For the second time this week, I have chosen not to have my picture taken by backscatter x-ray. Why? I'm sure some other passengers wonder - although this time I was the first in a queue of three who opted out in quick succession.

I opt out because I want oppression to look like oppression. I don't want to allow the powerful to mask their control over the weak by hiding behind technology. Like drones in warfare, machine imagining in security dehumanizes and diminishes the subject.

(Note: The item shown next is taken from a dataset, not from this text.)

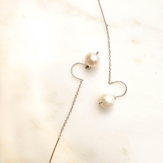 Gravity: Pearl Threader Earrings, Sterling Silver

I can't fight every battle, and I need to fly (although longer security lines might lead me to do something dangerous). But given the choice, I would rather be the victim of obvious indignity than of whitewashed indignity.

Tuesday, April 3, 2012

Fixing Health Insurance: Cochrane

Professor John Cochrane joins a theme Global Review has been singing for a while, the Obamacare isn't a solution to the problems of today's healthcare system - it's an enshrinement. The high cost of insurance, Cochrane argues, is due to heavy government regulation, cronyism, and (of course) the moral hazard problem.
The number of new doctors is still restricted, thanks to Congress and the American Medical Association. Congress caps the number of residencies, the AMA has fought the expansion of medical schools, state tests make it difficult for foreign doctors to work here, and on and on... New hospitals? In my home state of Illinois, every new hospital, expansion of an existing facility or major equipment purchase must obtain a "certificate of need" from the Illinois Health Facilities Planning Board. The board does a great job of insulating existing hospitals from competition if they are well connected politically. Imagine the joy United Airlines would feel if Southwest had to get a "certificate of need" before moving in to a new city—or the pleasure Sears would have if Wal-Mart had to do so - and all it took was a small contribution to a well-connected official.
Some might argue that moral hazard is a necessary downside of providing healthcare to a large proportion of the population. But that's not true: a major flaw in our system is that it covers regular, predictable expenses with insurance. People should pay for regular health care out of their pocket - the same way they pay for food.
The [government's] main argument for a mandate before the Supreme Court was that people of modest means can fail to buy insurance, and then rely on charity care in emergency rooms, shifting the cost to the rest of us. But the expenses of emergency room treatment for indigent uninsured people are not health-care's central cost problem. Costs are rising because people who do have insurance, and their doctors, overuse health services and don't shop on price, and because regulations have salted insurance with ever more coverage for them to overuse.

If we had a deregulated, competitive market in individual catastrophic insurance, that market would be so much cheaper than what's offered today that we would likely not even need the mandate.
Why are so many Americans uninsured? Proponents of Obamacare like to point out the pre-existing condition problem and adverse selection. Cochrane proposes a market mechanism to deal with pre-existing conditions, but also points out why even healthy people don't often buy insurance in the private market: it's too expensive. They often can't buy catastrophic-cost insurance, which is their main need, without also buying a host of expensive services they don't want and won't use - but must pay for.

It bears repeating: Obamacare does not solve the current problems; it enshrines them. It doesn't represent a popular victory over the insurance companies, it represents perpetual empowerment of the insurance company over the citizen. In what world is that liberal?

Monday, April 2, 2012


I will be scarce this week - I'll be taking cars, trains, and planes to or through three countries and five states, and I won't spend three consecutive nights in the same bed. The modern hunter is on the trail of the elusive Big Game: a job.